**WHAT IS BEING ASKED**
Dropping every picture, set down exactly the lines in the entries below, starting with the line with "百度:江苏省邳州市第二中学2" and going on through the line with "Ett barn, en".

Stored data entries:
%%

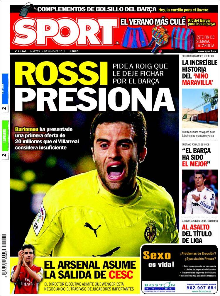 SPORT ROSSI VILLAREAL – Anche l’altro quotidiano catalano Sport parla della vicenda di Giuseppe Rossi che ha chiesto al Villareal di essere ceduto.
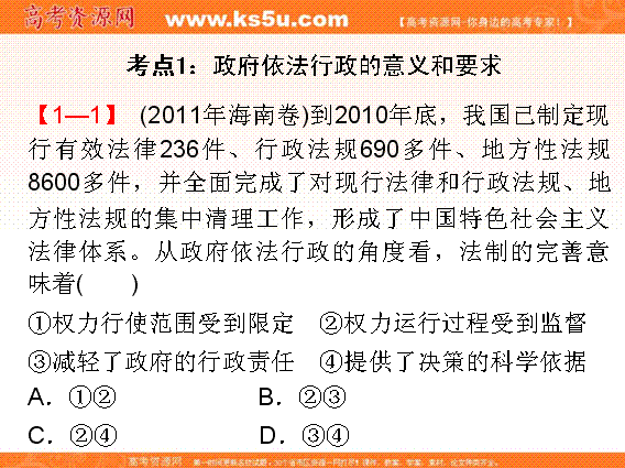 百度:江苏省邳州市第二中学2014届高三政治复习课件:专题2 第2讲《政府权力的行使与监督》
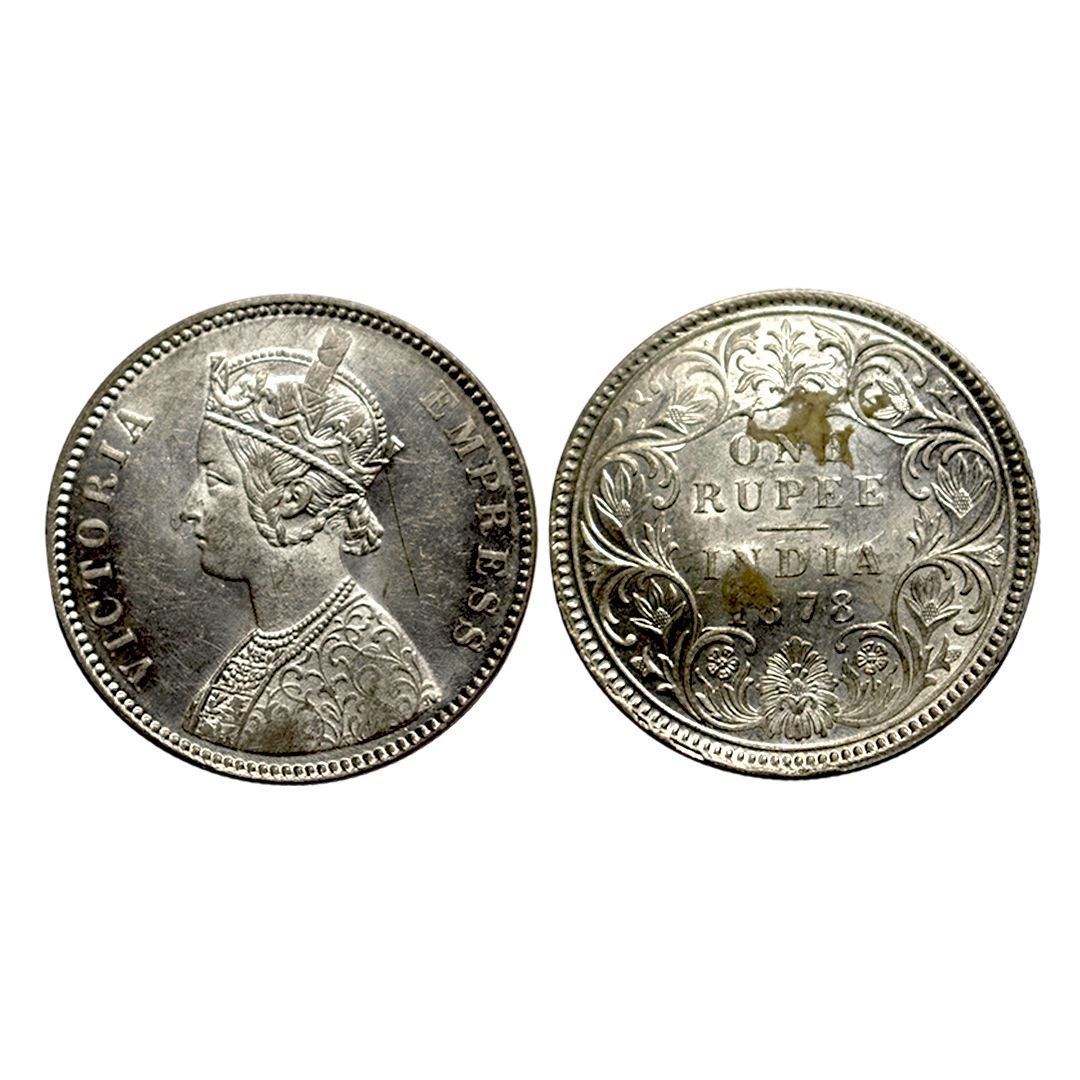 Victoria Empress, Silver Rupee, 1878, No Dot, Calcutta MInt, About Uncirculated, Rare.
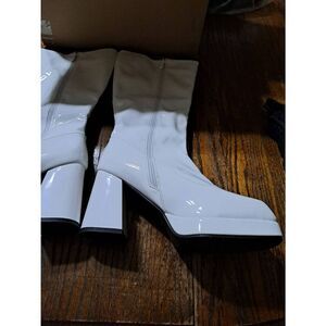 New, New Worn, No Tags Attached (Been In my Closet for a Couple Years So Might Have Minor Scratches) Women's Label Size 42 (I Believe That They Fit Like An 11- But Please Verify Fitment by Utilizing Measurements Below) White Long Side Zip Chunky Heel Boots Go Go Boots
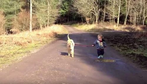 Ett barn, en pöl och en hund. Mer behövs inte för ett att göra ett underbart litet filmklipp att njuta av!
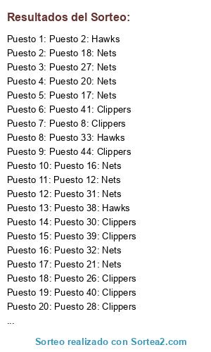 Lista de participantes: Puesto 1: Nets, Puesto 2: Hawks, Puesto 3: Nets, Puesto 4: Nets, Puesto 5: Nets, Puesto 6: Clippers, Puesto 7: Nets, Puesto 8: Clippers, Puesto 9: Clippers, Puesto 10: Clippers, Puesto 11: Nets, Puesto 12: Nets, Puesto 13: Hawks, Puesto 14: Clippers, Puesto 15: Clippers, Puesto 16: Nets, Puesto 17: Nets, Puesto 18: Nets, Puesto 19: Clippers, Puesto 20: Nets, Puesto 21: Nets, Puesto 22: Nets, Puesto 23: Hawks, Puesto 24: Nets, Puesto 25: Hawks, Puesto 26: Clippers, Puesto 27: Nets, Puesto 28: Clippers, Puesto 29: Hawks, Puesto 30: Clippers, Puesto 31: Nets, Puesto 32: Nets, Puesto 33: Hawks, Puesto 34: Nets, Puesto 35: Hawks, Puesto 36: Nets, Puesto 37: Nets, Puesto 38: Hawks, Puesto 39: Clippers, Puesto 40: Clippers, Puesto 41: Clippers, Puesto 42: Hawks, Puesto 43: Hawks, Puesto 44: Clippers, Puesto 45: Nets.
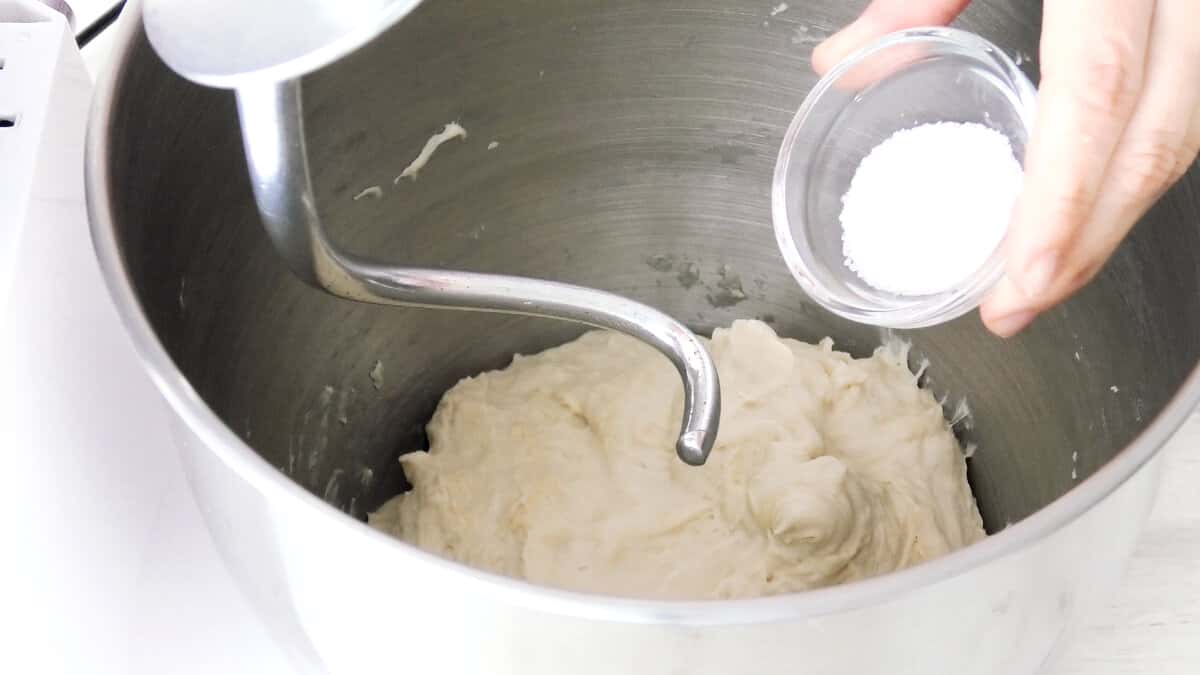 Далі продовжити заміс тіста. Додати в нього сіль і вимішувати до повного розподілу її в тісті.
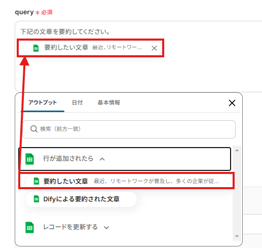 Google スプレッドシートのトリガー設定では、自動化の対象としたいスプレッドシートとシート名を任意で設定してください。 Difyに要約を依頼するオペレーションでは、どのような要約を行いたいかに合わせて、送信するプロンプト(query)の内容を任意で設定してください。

%%

**SOLUTION BELOW**
 百度:江苏省邳州市第二中学2014届高三政治复习课件:专题2 第2讲《政府权力的行使与监督》
 Victoria Empress, Silver Rupee, 1878, No Dot, Calcutta MInt, About Uncirculated, Rare.
 New, New Worn, No Tags Attached (Been In my Closet for a Couple Years So Might Have Minor Scratches) Women's Label Size 42 (I Believe That They Fit Like An 11- But Please Verify Fitment by Utilizing Measurements Below) White Long Side Zip Chunky Heel Boots Go Go Boots
 Ett barn, en pöl och en hund. Mer behövs inte för ett att göra ett underbart litet filmklipp att njuta av!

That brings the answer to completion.